Any feedback is appreciated!

 

Regards:

Pámer Bálint

 

 

The test program:

-----------------------------------------------

#include <time.h>#include <stdio.h>
#include <string.h>

void MemTest() {
 
 const int min_copy_count = 10;
 const int max_buff_size = 1024 * 1024;
 int *buffer_dst = ( int * ) malloc( max_buff_size );
 int *buffer_src = ( int * ) malloc( max_buff_size );
 int buff_size;
 int copy_count;
 double t, dt;
 
 printf( "\n(1) MEMCPY\n" );
 buff_size = max_buff_size;
 copy_count = min_copy_count;
 while ( buff_size > 2 ) {
  int *dst = buffer_dst;
  int *src = buffer_src;
  t = clock();
  for ( int i = 0; i < copy_count; i++ ) {
  memcpy( dst, src, buff_size );
  }
  dt = ( clock() - t ) / ( CLOCKS_PER_SEC / 1000.0 );
  printf(
  "MemCopy ( Buffer = %7i B, Iteration = %7i ): %.3f MB/s\n",
  buff_size, copy_count, ( copy_count * buff_size ) / dt / 1000
  );
  buff_size /= 2;
  copy_count *= 2;
 }
 
 printf( "\n(2) READ\n" );
 buff_size = max_buff_size;
 copy_count = min_copy_count;
 while ( buff_size > 2 ) {
  int checksum = 0;
  t = clock();
  for ( int i = 0; i < copy_count; i++ ) {
  int *src = buffer_src;
  for ( int j = 0; j < buff_size/4; j++ ) {
  checksum += *( src++ );
  }
  }
  dt = ( clock() - t ) / ( CLOCKS_PER_SEC / 1000.0 );
  printf(
  "Read ( Buffer = %7i B, Iteration = %7i ): %.3f MB/s ( checksum = %x )\n",
  buff_size, copy_count, ( copy_count * buff_size ) / dt / 1000, checksum
  );
  buff_size /= 2;
  copy_count *= 2;
 }
 
 printf( "\n(3) WRITE\n" );
 buff_size = max_buff_size;
 copy_count = min_copy_count;
 while ( buff_size > 2 ) {
  int data = 42;
  int *dst = buffer_dst;
  int *src = buffer_src;
  t = clock();
  for ( int i = 0; i < copy_count; i++ ) {
  memset( dst, data, buff_size );
  }
  dt = ( clock() - t ) / ( CLOCKS_PER_SEC / 1000.0 );
  printf(
  "MemSet ( Buffer = %7i B, Iteration = %7i ): %.3f MB/s\n",
  buff_size, copy_count, ( copy_count * buff_size ) / dt / 1000
  );
  buff_size /= 2;
  copy_count *= 2;
 }

 free( buffer_dst );
 free( buffer_src );
 
}

-----------------------------------------------

 

  • I am not too familiar with the FB533, is this a DSP part?  What operating system is it running?
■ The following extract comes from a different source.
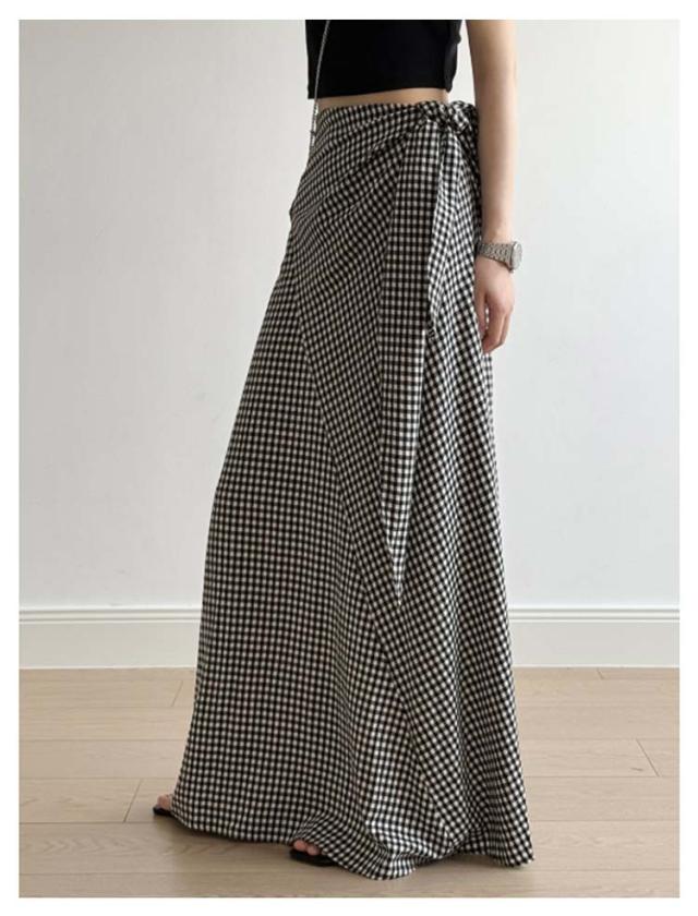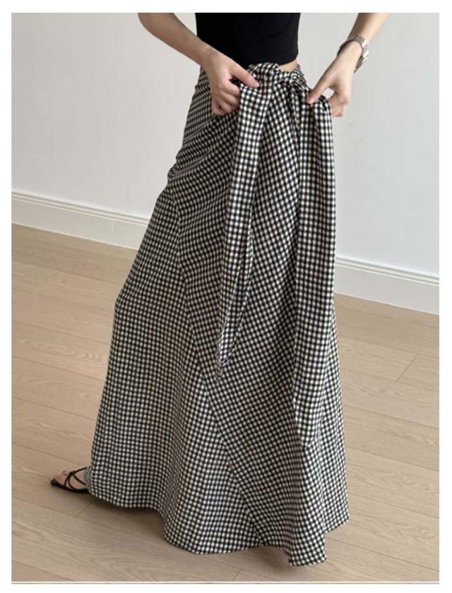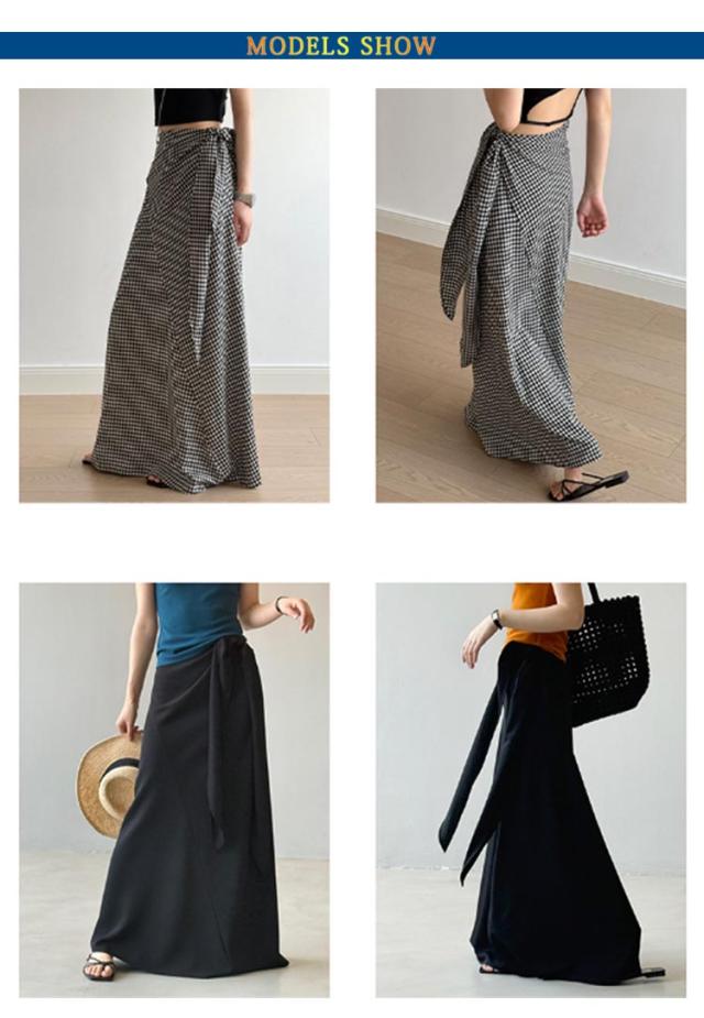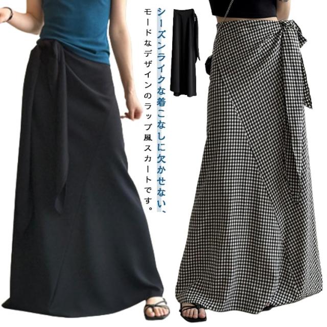 チェック柄 スカート シュクールスカート ウエストリボン ラップ風スカート 海 マキシスカート ラップスカート マキシ丈 ロング丈 タイトスカート マキシ Iラインスカート ロングスカート リゾート 旅行 無地ブラック 黒

    If you are running this test on the ARM side of DM6446 (as opposed to DSP), you need to consider that ARM is running at less than 300 MHz, compared to the BF at 500 MHz.  Also, if you are running Linux on DM6446's ARM, you should consider this is not a real-time operating system; in Linux read calls are blocking and probrably cause the scheduler to schedule some time to do other work (update clock...) until the read comes back; if this happens several times, this can cause many unnecessary context switching that you would not see in a real-time OS.  Just some things to think about.